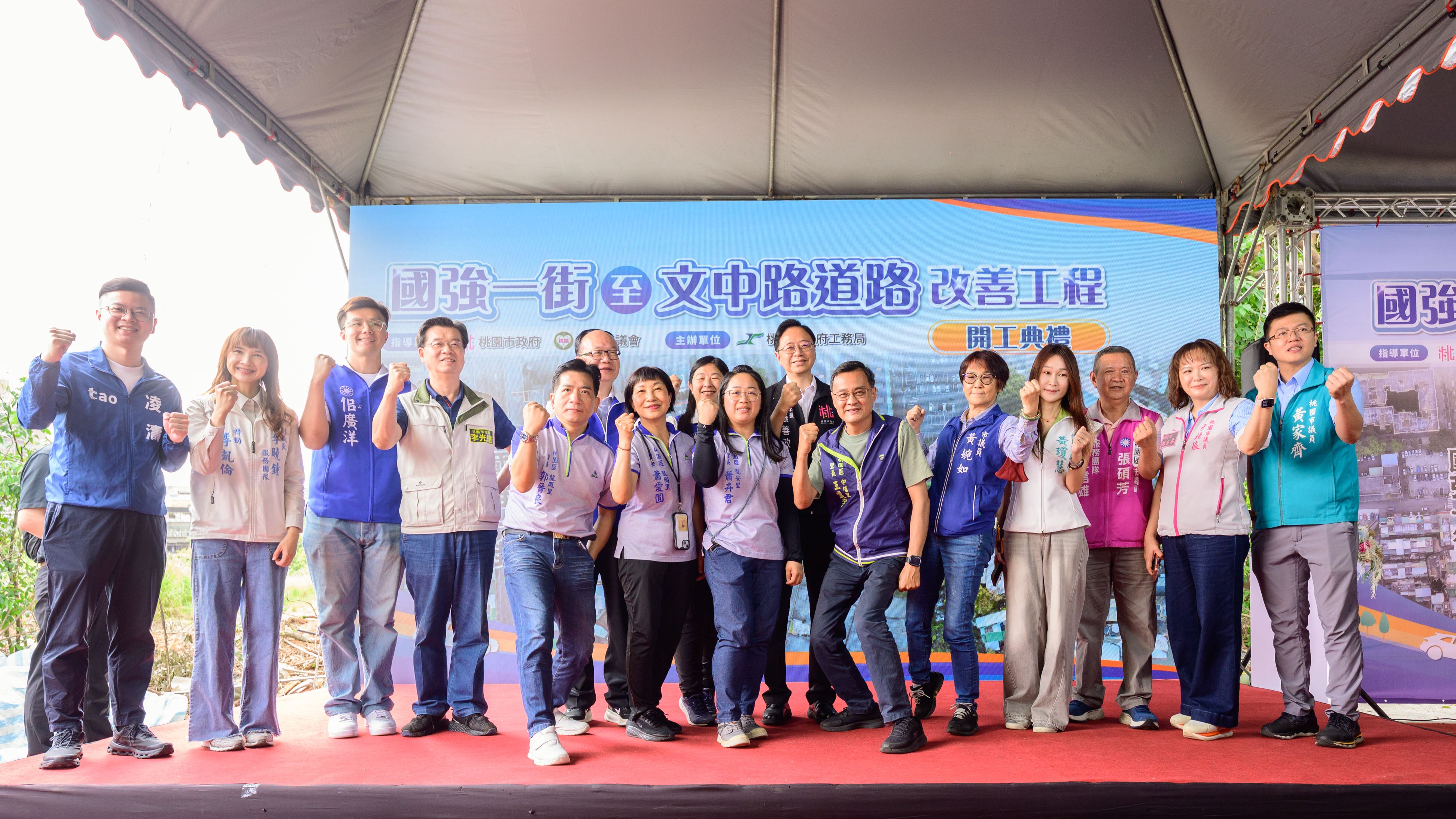 桃園市長張善政今(14)日上午前往桃園區,出席「桃園區國強一街至文中路道路開闢工程動土典禮」。張市長表示,本案工程總經費約7,700萬元,施工期約9個月,預計於明(116)年1月完工通車。完工後將串聯國強一街、文中路及周邊上海路、龍安街路網,改善當地壅塞情形,提升整體交通通行效率。
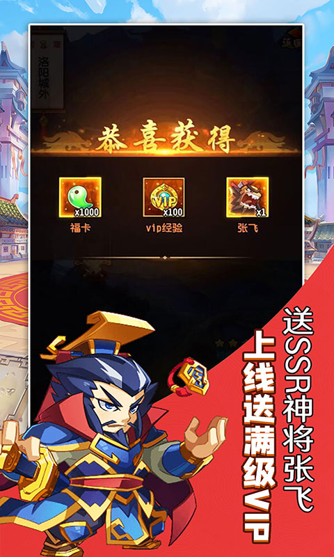 ★上线送VIP超2、SSR张飞*1、福卡*1000、元宝*88888、铜贝*1000W
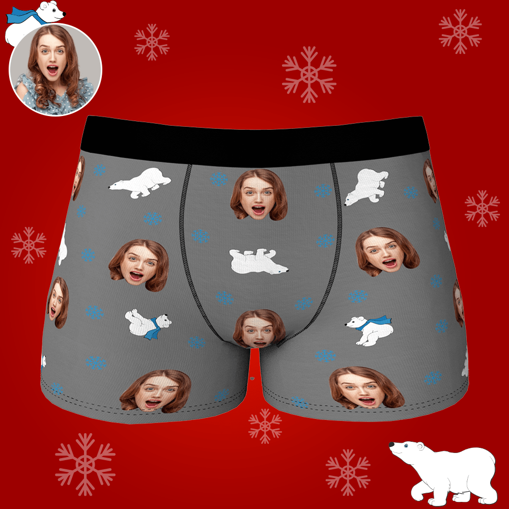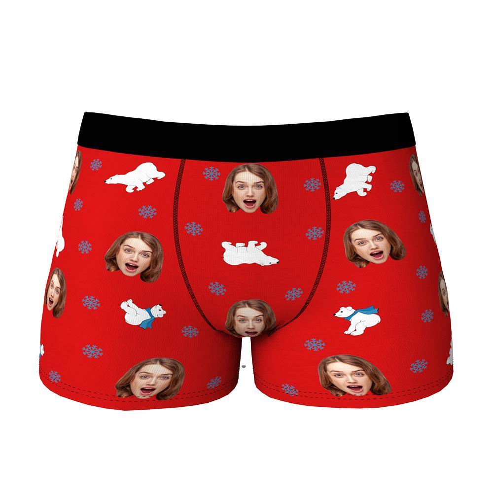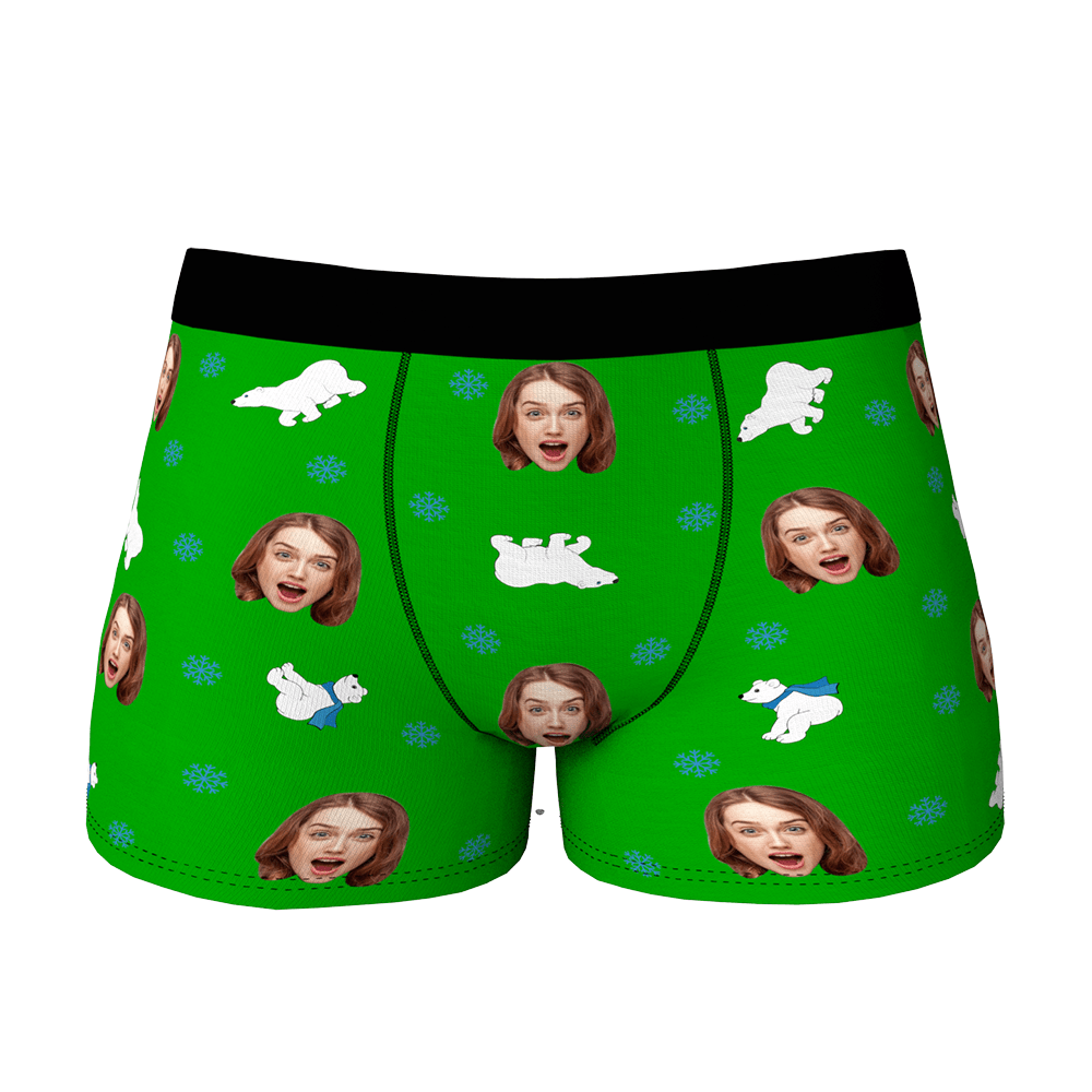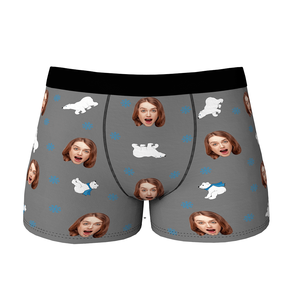 Boxer Personnalisé Visage Avec Ours Polaire Cadeau St Valentin Drôle Pour Lui
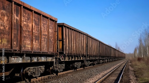 © Generative AI, Fototapeta premium Rusty Freight Train Cars Along Abandoned Railroad Tracks with Blue Sky in the Background : Generative AI

▶ WORK ORDER
Write out each line of the data exactly; the images should be left out.

▶ RESPONSE BELOW
 桃園市長張善政今(14)日上午前往桃園區,出席「桃園區國強一街至文中路道路開闢工程動土典禮」。張市長表示,本案工程總經費約7,700萬元,施工期約9個月,預計於明(116)年1月完工通車。完工後將串聯國強一街、文中路及周邊上海路、龍安街路網,改善當地壅塞情形,提升整體交通通行效率。
 ★上线送VIP超2、SSR张飞*1、福卡*1000、元宝*88888、铜贝*1000W
 Boxer Personnalisé Visage Avec Ours Polaire Cadeau St Valentin Drôle Pour Lui
 © Generative AI, Fototapeta premium Rusty Freight Train Cars Along Abandoned Railroad Tracks with Blue Sky in the Background : Generative AI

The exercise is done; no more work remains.